Dataset =>
◆ ◆ ◆ ◆ ◆ ◆ ◆
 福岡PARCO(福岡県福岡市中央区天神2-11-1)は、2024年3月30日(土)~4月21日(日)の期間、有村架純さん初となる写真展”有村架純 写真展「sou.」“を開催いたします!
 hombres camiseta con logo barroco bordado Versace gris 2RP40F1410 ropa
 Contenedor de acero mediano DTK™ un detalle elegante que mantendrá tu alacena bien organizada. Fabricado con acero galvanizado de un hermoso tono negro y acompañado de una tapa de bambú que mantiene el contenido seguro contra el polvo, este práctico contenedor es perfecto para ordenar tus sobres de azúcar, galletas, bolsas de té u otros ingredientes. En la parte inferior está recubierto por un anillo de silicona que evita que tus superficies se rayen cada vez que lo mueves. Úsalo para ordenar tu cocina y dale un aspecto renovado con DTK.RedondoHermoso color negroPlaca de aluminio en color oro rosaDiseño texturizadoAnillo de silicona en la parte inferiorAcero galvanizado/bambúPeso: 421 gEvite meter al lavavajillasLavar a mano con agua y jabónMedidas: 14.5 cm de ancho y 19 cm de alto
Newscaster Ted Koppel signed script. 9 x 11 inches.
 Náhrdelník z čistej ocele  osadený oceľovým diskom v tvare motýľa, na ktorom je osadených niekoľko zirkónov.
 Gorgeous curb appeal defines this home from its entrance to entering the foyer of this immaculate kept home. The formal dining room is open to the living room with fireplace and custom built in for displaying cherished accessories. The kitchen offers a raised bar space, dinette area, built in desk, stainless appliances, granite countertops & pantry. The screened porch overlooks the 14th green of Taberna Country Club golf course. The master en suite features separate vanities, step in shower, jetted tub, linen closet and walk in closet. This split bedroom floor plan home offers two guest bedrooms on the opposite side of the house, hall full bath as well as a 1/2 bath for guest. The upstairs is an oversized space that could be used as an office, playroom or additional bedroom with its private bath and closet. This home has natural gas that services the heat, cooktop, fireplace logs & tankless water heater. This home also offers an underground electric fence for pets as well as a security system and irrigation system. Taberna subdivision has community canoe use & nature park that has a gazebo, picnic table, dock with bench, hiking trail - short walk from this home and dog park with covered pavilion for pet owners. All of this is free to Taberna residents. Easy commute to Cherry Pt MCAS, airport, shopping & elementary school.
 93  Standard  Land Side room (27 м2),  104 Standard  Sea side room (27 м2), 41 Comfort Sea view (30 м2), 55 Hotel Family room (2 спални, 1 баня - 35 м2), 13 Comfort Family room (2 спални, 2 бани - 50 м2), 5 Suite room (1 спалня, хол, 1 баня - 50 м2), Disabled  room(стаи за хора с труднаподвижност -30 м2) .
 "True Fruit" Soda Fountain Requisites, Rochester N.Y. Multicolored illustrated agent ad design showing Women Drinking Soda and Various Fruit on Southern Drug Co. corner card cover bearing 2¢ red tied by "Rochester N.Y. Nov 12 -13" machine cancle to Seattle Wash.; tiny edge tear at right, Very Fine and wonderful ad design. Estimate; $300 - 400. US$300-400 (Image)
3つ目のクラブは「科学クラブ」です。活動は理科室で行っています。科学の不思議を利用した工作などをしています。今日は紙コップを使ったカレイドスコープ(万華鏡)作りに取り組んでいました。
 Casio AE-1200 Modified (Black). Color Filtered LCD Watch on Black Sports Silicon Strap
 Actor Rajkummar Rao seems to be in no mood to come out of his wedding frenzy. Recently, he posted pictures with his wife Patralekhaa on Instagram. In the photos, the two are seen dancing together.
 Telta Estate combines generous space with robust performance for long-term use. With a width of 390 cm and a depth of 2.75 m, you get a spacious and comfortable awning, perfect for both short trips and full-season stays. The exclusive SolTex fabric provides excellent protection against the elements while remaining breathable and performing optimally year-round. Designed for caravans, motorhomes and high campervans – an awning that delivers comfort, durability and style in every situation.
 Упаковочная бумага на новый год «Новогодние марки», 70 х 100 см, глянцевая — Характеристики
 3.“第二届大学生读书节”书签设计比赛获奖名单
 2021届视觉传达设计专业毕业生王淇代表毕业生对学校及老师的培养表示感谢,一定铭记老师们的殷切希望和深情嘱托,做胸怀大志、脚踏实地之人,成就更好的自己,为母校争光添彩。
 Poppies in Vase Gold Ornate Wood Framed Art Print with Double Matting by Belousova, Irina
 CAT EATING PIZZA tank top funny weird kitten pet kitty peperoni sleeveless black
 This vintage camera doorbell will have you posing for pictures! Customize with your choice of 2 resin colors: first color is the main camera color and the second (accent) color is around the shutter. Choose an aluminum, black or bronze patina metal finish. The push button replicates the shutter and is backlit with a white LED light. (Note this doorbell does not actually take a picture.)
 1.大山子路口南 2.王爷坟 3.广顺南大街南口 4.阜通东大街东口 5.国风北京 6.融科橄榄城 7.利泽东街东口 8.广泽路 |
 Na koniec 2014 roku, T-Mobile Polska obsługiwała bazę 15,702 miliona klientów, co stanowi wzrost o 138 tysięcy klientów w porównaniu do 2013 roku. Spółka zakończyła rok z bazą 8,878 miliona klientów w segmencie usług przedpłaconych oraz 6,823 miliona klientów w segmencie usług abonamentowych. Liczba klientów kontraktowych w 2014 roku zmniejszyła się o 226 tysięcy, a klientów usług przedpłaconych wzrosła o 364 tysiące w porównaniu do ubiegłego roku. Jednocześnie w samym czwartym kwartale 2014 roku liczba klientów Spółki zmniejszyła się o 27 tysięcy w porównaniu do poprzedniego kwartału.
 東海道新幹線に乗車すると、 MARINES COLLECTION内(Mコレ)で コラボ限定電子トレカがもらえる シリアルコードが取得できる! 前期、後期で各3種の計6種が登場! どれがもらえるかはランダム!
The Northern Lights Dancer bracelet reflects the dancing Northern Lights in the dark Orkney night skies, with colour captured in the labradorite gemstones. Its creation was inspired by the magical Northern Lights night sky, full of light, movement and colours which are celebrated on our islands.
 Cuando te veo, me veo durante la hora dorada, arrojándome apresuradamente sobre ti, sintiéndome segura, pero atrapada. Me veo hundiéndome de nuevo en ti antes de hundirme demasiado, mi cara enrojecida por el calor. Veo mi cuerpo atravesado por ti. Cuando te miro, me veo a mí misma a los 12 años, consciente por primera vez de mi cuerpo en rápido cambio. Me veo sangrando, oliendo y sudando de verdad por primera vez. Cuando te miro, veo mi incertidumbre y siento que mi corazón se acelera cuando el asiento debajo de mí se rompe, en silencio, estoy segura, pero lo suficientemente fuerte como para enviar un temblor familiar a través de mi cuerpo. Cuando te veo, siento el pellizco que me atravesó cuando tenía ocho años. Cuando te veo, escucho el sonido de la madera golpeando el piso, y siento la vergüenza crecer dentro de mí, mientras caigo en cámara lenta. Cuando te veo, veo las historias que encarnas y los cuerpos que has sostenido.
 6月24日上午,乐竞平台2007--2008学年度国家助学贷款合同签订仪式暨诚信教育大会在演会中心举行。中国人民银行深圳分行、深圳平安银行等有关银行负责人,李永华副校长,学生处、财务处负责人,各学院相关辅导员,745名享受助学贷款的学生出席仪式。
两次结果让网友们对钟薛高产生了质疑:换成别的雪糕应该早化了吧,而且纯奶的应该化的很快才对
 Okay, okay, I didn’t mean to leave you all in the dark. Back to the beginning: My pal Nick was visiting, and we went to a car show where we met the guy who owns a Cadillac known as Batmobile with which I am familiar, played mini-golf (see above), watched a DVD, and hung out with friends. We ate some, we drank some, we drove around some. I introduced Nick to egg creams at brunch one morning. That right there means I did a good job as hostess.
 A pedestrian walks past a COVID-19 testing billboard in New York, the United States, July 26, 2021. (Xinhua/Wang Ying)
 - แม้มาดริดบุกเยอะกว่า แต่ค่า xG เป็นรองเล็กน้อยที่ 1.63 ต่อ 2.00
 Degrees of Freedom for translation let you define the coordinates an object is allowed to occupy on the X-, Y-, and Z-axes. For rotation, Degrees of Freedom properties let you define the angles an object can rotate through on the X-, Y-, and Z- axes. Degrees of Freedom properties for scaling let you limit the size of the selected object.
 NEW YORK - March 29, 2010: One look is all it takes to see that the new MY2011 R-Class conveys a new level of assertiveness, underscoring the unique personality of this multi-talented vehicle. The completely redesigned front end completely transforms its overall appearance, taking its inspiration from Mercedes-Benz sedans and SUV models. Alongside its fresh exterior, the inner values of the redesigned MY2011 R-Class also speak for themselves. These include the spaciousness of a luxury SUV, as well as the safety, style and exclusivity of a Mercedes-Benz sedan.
◆ ◆ ◆ ◆ ◆ ◆ ◆
Return only the lines spanning from the first line of the material through the line with "hombres camiseta con", copied exactly, both ends kept.

 福岡PARCO(福岡県福岡市中央区天神2-11-1)は、2024年3月30日(土)~4月21日(日)の期間、有村架純さん初となる写真展”有村架純 写真展「sou.」“を開催いたします!
 hombres camiseta con logo barroco bordado Versace gris 2RP40F1410 ropa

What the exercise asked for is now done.